Provided data
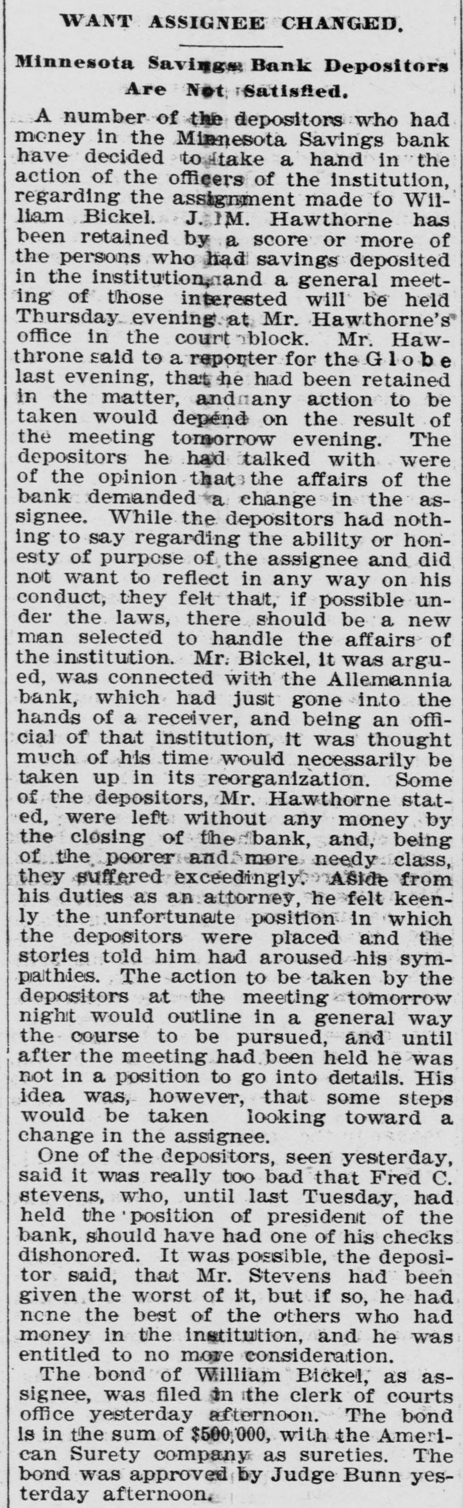 THREE MORE ST. PAUL BANKS. Two Were Large Institutions, the Other Was small. St. Paul, Minn., Jan. 4.-As a direct Minne- rethe closing of the Bank weeks ago, which sota, sult of two and created of started new distrust among depositors were a number of city banks not to be as strong as reputed runs on banks-the the that deposthree St. Paul the Allemania and of them national Germania, itors none wished, institutions, the doors Vest all Side, closely associated-closed their state today, one being in the hands of the asbank examiner and the others making signments. the time that had interv ened During closing of the Bank of Minne- to the Germania paid out sota, since the $225,000 today the frightened depositors, and early the directors concluded they would stop the drain and make an assignment to cashier, Peter M. Keerst. The Allemania bank, which, like the Germania, had a large clientage among and whose vice president the been vice president a the had Germans, formerly target of for Germania, then became the the run. Crowds gathered about the doors lively and fairly fought for a place window. in before the paying teller's such line bank officials realized fully what on The run meant, and promptly called a Bank Examiner Kenyon to take posses- now sion of the bank, and that official is in charge. The West Side bank, a small but possi- Alstronger bank, cleared through the rebly lemania, and today its clearings were turned by the latter institution. Follow~ this there was a decided run inaugu- this ing on the bank, and at 2 o'clock the rated the bank officials closed afternoon and called a meeting of the directors decisdoors decide what action to take. Their to was apparent late in the afternoon, to S. ion filed a deed of assignment H. president of the when Staples, they bank. tied Considerable public money is up m- in three institutions, but there is an in the ple the supply for all immediate needs other banks of the city. The assignment of the Germania and Side banks has brought up a laws some- of West new question in the banking called upwhat state, and the courts will be examiner the settle it. The state bank that on to their right to assign, holding turned doubts should have, under the law, they their assets to him. The attorney acover intimates that he will bring an general tion to test the matter as soon as papers be issued. of can the day numerous reports curDuring among the other banks were of trouble and a few banks suffered runs rent, or lesser intensity, but the that savings algreater were protected by the law before banks them to require 60 days' notice national lows out deposits; and the have no banks paying are in strong condition, and fear of anything of the sort. The Germania Bank. Germania bank was a state insti- The The and had a capital of $400,000. tution official statement of the condition and of last bank, December 21, gave loans resources, I discounts the as $975,420.53; total cap 1 Among the liabilities were undivided $1,625,788. stock, $400,000; surplus and subject ital $58,797; individual deposits certificates of 1 profits, check, $345,191; demand to deposit, $7899; time certificates of deposit, s 3633,019. Germania bank has been organized RamS The ex-Governor Alexander Wilmany being years, a long time president, and say Bickell, cashier. When the governor but liam Mr. Bickell became president, vice f retired, spring Bickell retired, becoming Alle2 last of the newly organized Gusmania president bank. He was succeeded by tav Willius. d Willius told an Associated President representative that the closing was and Press result of an unreasonable panic, the bank would be opened for business usua as the soon as the people regained their cool sense. it bank, as a result of the panicky in o The had paid the depositors $335,000 he fully 1 feeling, last nine days. Willius said by expected the to have the bank reopened the last of March. il The Allemania. r Allemania bank has a capital that of and a clientage similar to o The Allemania was $400,000, the The Germania. of the organ Com last year, as a successor G. ized mercial, William Bickell, formerly forces pres e ident of the Germania, joining Commercial with Albert Scheffer, of the last offl organize a new bank. The show y cial to statement made, December undivided 17, e loans and discounts, $706,842; individua e ed less expenses, $508,764; certificates profits, deposits, $329,789; interest cil n $187,253. President Scheffer, of the Allemania combine n the failure was due to of de twithdrawal said of deposits. A crowd the at positors gathered today demanding decide money, and at 11 o'clock it was to close. Runs on Other Banks. n, to the excitement caused by Alle th Owing of the Germania and the afte ht closing mania banks, many depositors went banks 'S. en their money in one or two other th the Minnesota Savings bank being
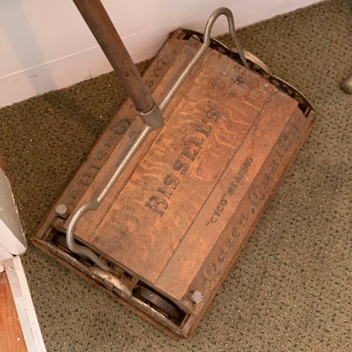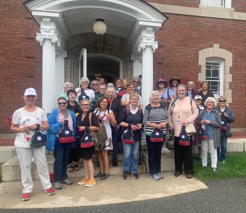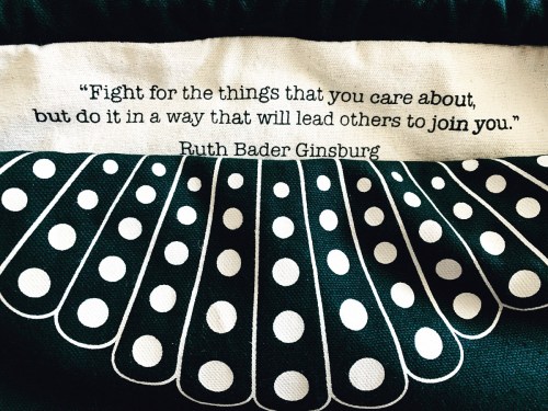 This RBG-themed bag currently holds the beginnings of another Bonnie Isle Hat. I need to get a sample set up for class. The bag is from Nerd Bird Makery, and it has two pockets on the back wall inside.
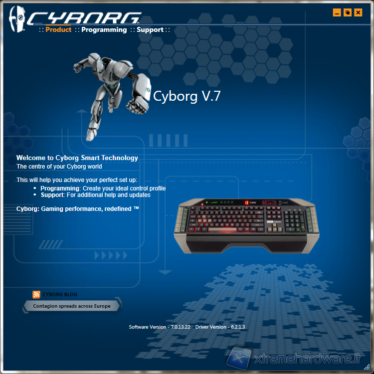 Il software si divide in tre schermate, la prima identifica il dispositivo (il software di gestione è unico per tutti le periferiche Cyborg), la seconda schermata permette di configurare i tasti, la terza schermata è invece dedicata al supporto.

Work instructions
Pictures stay out; the data above is to be returned exactly.

Solution for this problem
 THREE MORE ST. PAUL BANKS. Two Were Large Institutions, the Other Was small. St. Paul, Minn., Jan. 4.-As a direct Minne- rethe closing of the Bank weeks ago, which sota, sult of two and created of started new distrust among depositors were a number of city banks not to be as strong as reputed runs on banks-the the that deposthree St. Paul the Allemania and of them national Germania, itors none wished, institutions, the doors Vest all Side, closely associated-closed their state today, one being in the hands of the asbank examiner and the others making signments. the time that had interv ened During closing of the Bank of Minne- to the Germania paid out sota, since the $225,000 today the frightened depositors, and early the directors concluded they would stop the drain and make an assignment to cashier, Peter M. Keerst. The Allemania bank, which, like the Germania, had a large clientage among and whose vice president the been vice president a the had Germans, formerly target of for Germania, then became the the run. Crowds gathered about the doors lively and fairly fought for a place window. in before the paying teller's such line bank officials realized fully what on The run meant, and promptly called a Bank Examiner Kenyon to take posses- now sion of the bank, and that official is in charge. The West Side bank, a small but possi- Alstronger bank, cleared through the rebly lemania, and today its clearings were turned by the latter institution. Follow~ this there was a decided run inaugu- this ing on the bank, and at 2 o'clock the rated the bank officials closed afternoon and called a meeting of the directors decisdoors decide what action to take. Their to was apparent late in the afternoon, to S. ion filed a deed of assignment H. president of the when Staples, they bank. tied Considerable public money is up m- in three institutions, but there is an in the ple the supply for all immediate needs other banks of the city. The assignment of the Germania and Side banks has brought up a laws some- of West new question in the banking called upwhat state, and the courts will be examiner the settle it. The state bank that on to their right to assign, holding turned doubts should have, under the law, they their assets to him. The attorney acover intimates that he will bring an general tion to test the matter as soon as papers be issued. of can the day numerous reports curDuring among the other banks were of trouble and a few banks suffered runs rent, or lesser intensity, but the that savings algreater were protected by the law before banks them to require 60 days' notice national lows out deposits; and the have no banks paying are in strong condition, and fear of anything of the sort. The Germania Bank. Germania bank was a state insti- The The and had a capital of $400,000. tution official statement of the condition and of last bank, December 21, gave loans resources, I discounts the as $975,420.53; total cap 1 Among the liabilities were undivided $1,625,788. stock, $400,000; surplus and subject ital $58,797; individual deposits certificates of 1 profits, check, $345,191; demand to deposit, $7899; time certificates of deposit, s 3633,019. Germania bank has been organized RamS The ex-Governor Alexander Wilmany being years, a long time president, and say Bickell, cashier. When the governor but liam Mr. Bickell became president, vice f retired, spring Bickell retired, becoming Alle2 last of the newly organized Gusmania president bank. He was succeeded by tav Willius. d Willius told an Associated President representative that the closing was and Press result of an unreasonable panic, the bank would be opened for business usua as the soon as the people regained their cool sense. it bank, as a result of the panicky in o The had paid the depositors $335,000 he fully 1 feeling, last nine days. Willius said by expected the to have the bank reopened the last of March. il The Allemania. r Allemania bank has a capital that of and a clientage similar to o The Allemania was $400,000, the The Germania. of the organ Com last year, as a successor G. ized mercial, William Bickell, formerly forces pres e ident of the Germania, joining Commercial with Albert Scheffer, of the last offl organize a new bank. The show y cial to statement made, December undivided 17, e loans and discounts, $706,842; individua e ed less expenses, $508,764; certificates profits, deposits, $329,789; interest cil n $187,253. President Scheffer, of the Allemania combine n the failure was due to of de twithdrawal said of deposits. A crowd the at positors gathered today demanding decide money, and at 11 o'clock it was to close. Runs on Other Banks. n, to the excitement caused by Alle th Owing of the Germania and the afte ht closing mania banks, many depositors went banks 'S. en their money in one or two other th the Minnesota Savings bank being
 This RBG-themed bag currently holds the beginnings of another Bonnie Isle Hat. I need to get a sample set up for class. The bag is from Nerd Bird Makery, and it has two pockets on the back wall inside.
 Il software si divide in tre schermate, la prima identifica il dispositivo (il software di gestione è unico per tutti le periferiche Cyborg), la seconda schermata permette di configurare i tasti, la terza schermata è invece dedicata al supporto.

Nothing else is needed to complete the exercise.